Job titles can be orphaned onto the next page. Bullet fonts can silently fall back. A cover letter can spill onto a second page. The signature can disappear. A two-page CV can become two and a half pages after one small change.
AI Job Search addresses this by compiling and inspecting the final PDFs. It uses lualatex for the CV and xelatex for the cover letter because the templates have different font and package needs.
This is exactly the kind of detail that separates useful automation from polished demo output.
Search, Portals, and Local Markets
The job-search tooling is designed around Danish portals out of the box: Jobindex, Jobnet, Akademikernes Jobbank, Jobdanmark, and LinkedIn public listings.
But the project is not only for Denmark.
The README is clear that the core workflow is language- and country-agnostic. The portal search skills are the part that needs localization. The /add-portal command exists to investigate a job board, scaffold a search skill, test a live query, and register it.
That design is sensible. Job boards vary wildly by country and profession. The reusable part is the process: profile, search, fit, draft, review, verify, track, improve.
Profile Setup and Evidence Discipline
The /setup flow can read a documents/ folder containing a CV, LinkedIn export, diplomas, references, and past applications. It can also import a pasted CV or walk the user through an interview.
This is more useful than asking an LLM to infer everything from a resume.
A job application assistant needs source material.

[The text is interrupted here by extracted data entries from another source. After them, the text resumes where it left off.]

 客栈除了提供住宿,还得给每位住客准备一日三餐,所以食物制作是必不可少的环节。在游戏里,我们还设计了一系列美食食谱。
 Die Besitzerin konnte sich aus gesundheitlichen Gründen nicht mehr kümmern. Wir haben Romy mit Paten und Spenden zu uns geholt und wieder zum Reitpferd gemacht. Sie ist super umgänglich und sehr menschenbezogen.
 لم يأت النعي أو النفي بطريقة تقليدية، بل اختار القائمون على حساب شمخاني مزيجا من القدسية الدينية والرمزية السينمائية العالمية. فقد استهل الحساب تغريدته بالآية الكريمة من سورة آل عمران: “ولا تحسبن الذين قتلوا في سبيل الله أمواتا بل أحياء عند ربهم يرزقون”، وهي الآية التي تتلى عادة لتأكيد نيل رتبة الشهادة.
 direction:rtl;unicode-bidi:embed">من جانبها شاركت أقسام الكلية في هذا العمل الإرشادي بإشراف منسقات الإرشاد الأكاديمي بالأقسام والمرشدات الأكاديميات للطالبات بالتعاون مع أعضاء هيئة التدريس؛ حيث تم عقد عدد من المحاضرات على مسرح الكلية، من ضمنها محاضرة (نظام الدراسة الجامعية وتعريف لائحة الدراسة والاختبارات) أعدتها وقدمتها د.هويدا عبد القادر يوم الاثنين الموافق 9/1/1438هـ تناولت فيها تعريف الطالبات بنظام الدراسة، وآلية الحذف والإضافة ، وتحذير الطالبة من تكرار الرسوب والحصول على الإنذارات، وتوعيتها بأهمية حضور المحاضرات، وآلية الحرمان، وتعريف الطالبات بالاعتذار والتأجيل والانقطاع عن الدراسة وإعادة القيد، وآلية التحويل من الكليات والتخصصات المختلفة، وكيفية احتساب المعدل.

It needs to know what claims are allowed, which projects prove which skills, how the candidate writes, what roles are worth targeting, and which constraints matter.
The project also includes structured skill files for candidate profile, behavioral profile, writing style, job evaluation, CV templates, cover-letter templates, and interview prep.
That structure is what keeps the agent from becoming a generic writer.
Upskilling and Career Strategy
The /upskill command adds a strategic layer.
Instead of only helping with the next application, it can compare the candidate profile against tracked job postings or a single posting. It then produces a skill-gap analysis and learning plan with study resources and time estimates.
This is important because a job search has two feedback loops:
- How do I improve this application?
- How do I improve my profile for the next wave of roles?
Most automation focuses on the first loop. AI Job Search also gives attention to the second.
Risks and Good Boundaries
This kind of tool needs careful boundaries.
The project is strongest when it improves truth, relevance, structure, and review. It is weakest if someone uses it to mass-generate applications without reading them.
The good news is that the workflow explicitly avoids fabricating claims. It is built around your profile and source documents. That should be treated as a hard rule.
The human still owns the application. The agent can draft, evaluate, revise, and verify layout. But the candidate must decide whether the role is genuinely interesting, whether the claims are accurate, and whether the final voice still sounds like them.
My Take
AI Job Search is compelling because it turns job applications into a repeatable workflow rather than a blank-page panic.
It uses Claude Code in a way that fits the medium: commands, skills, source documents, review agents, file outputs, LaTeX compilation, and checklists.
For candidates, the value is not that AI writes a cover letter. The value is that the application pipeline becomes more structured: fit first, evidence second, draft third, review fourth, verify fifth.
For developers, the repo is also a useful pattern for personal AI workflows. It shows how to wrap an LLM around a real process with files, commands, templates, reviewers, and verification gates.
If you are job searching and already comfortable with Claude Code, MadsLorentzen/ai-job-search is worth studying, even if you adapt the portal search layer for your own market.